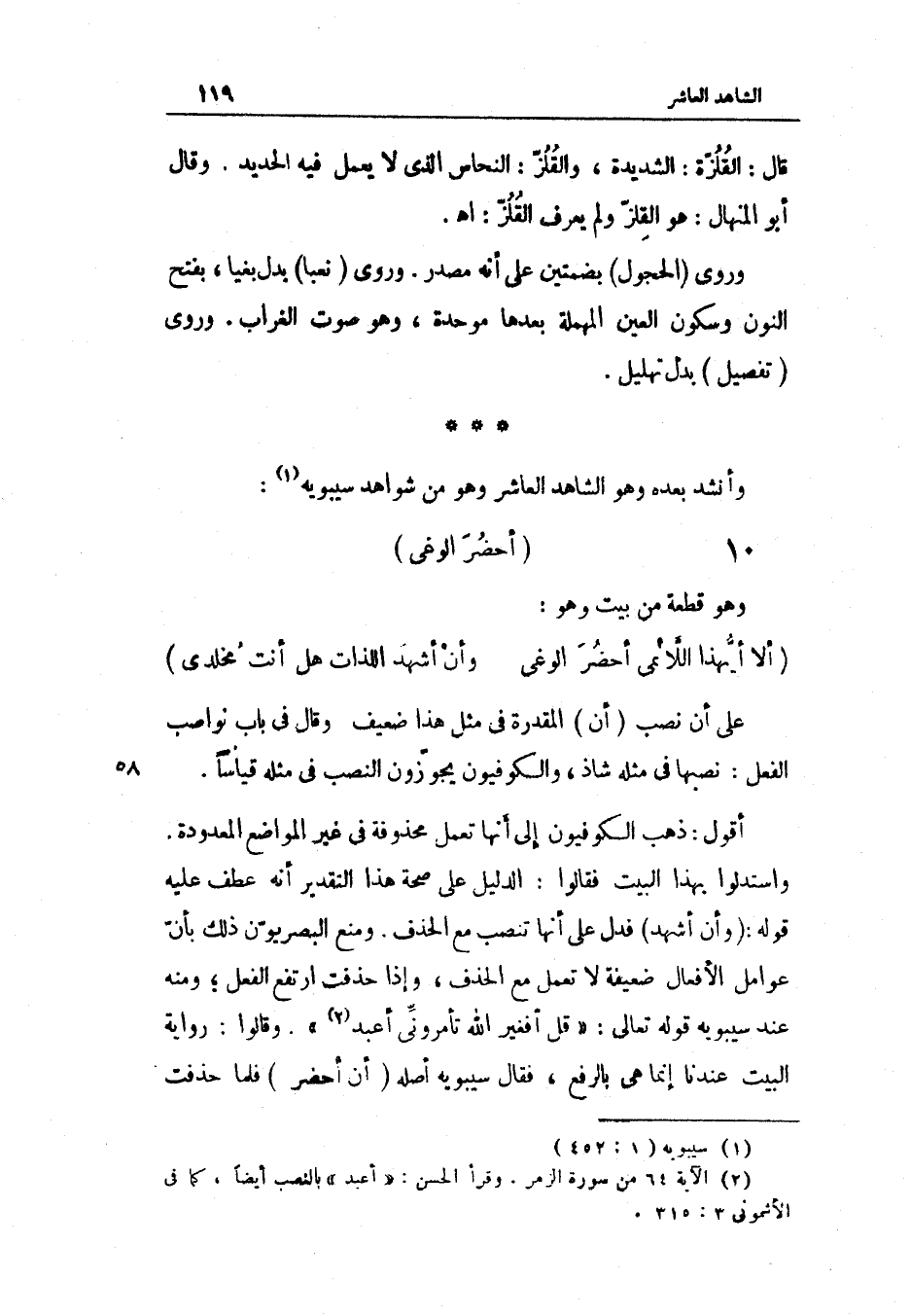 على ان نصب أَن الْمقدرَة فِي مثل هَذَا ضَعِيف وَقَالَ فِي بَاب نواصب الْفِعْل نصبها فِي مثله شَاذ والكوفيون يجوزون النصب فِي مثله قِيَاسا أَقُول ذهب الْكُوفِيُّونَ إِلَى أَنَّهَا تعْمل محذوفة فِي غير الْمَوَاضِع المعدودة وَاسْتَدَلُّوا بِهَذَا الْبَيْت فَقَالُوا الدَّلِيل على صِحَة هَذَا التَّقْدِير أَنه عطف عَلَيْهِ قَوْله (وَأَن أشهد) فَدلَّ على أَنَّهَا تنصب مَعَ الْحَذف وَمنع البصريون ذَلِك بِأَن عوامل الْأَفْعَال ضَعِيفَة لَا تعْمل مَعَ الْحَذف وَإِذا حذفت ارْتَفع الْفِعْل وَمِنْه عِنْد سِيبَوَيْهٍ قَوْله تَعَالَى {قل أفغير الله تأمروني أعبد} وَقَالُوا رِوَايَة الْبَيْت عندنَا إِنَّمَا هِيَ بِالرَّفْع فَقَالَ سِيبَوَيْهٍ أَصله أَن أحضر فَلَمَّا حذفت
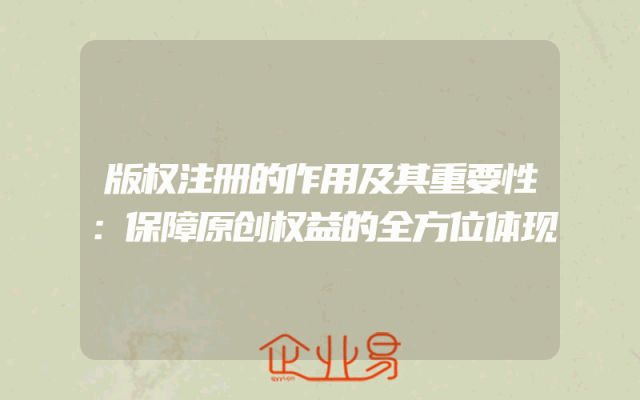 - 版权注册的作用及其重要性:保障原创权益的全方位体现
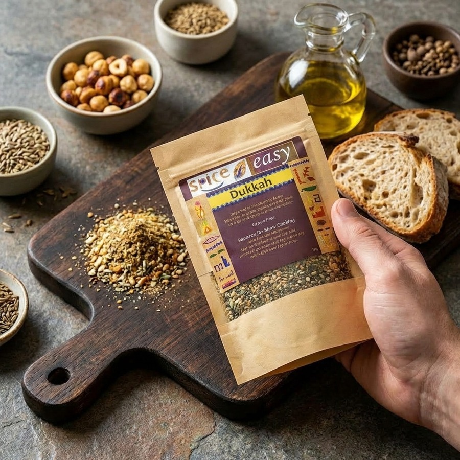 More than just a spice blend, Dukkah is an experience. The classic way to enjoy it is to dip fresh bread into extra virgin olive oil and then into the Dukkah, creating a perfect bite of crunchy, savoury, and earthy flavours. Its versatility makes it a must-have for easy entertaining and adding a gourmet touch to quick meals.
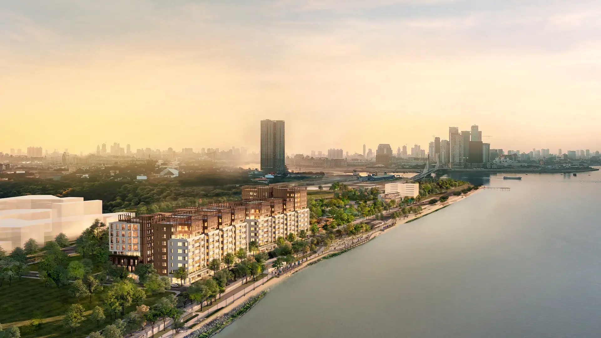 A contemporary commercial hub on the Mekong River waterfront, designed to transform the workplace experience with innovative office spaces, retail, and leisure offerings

──────

▸ TASK BRIEF
Copying starts at the line containing "- 版权注册的作用及其重要性:保障原创权益的全方位体现" and ends at the last line of the material above; repeat only those lines exactly and omit the pictures.

▸ EXPECTED ANSWER
 - 版权注册的作用及其重要性:保障原创权益的全方位体现
 More than just a spice blend, Dukkah is an experience. The classic way to enjoy it is to dip fresh bread into extra virgin olive oil and then into the Dukkah, creating a perfect bite of crunchy, savoury, and earthy flavours. Its versatility makes it a must-have for easy entertaining and adding a gourmet touch to quick meals.
 A contemporary commercial hub on the Mekong River waterfront, designed to transform the workplace experience with innovative office spaces, retail, and leisure offerings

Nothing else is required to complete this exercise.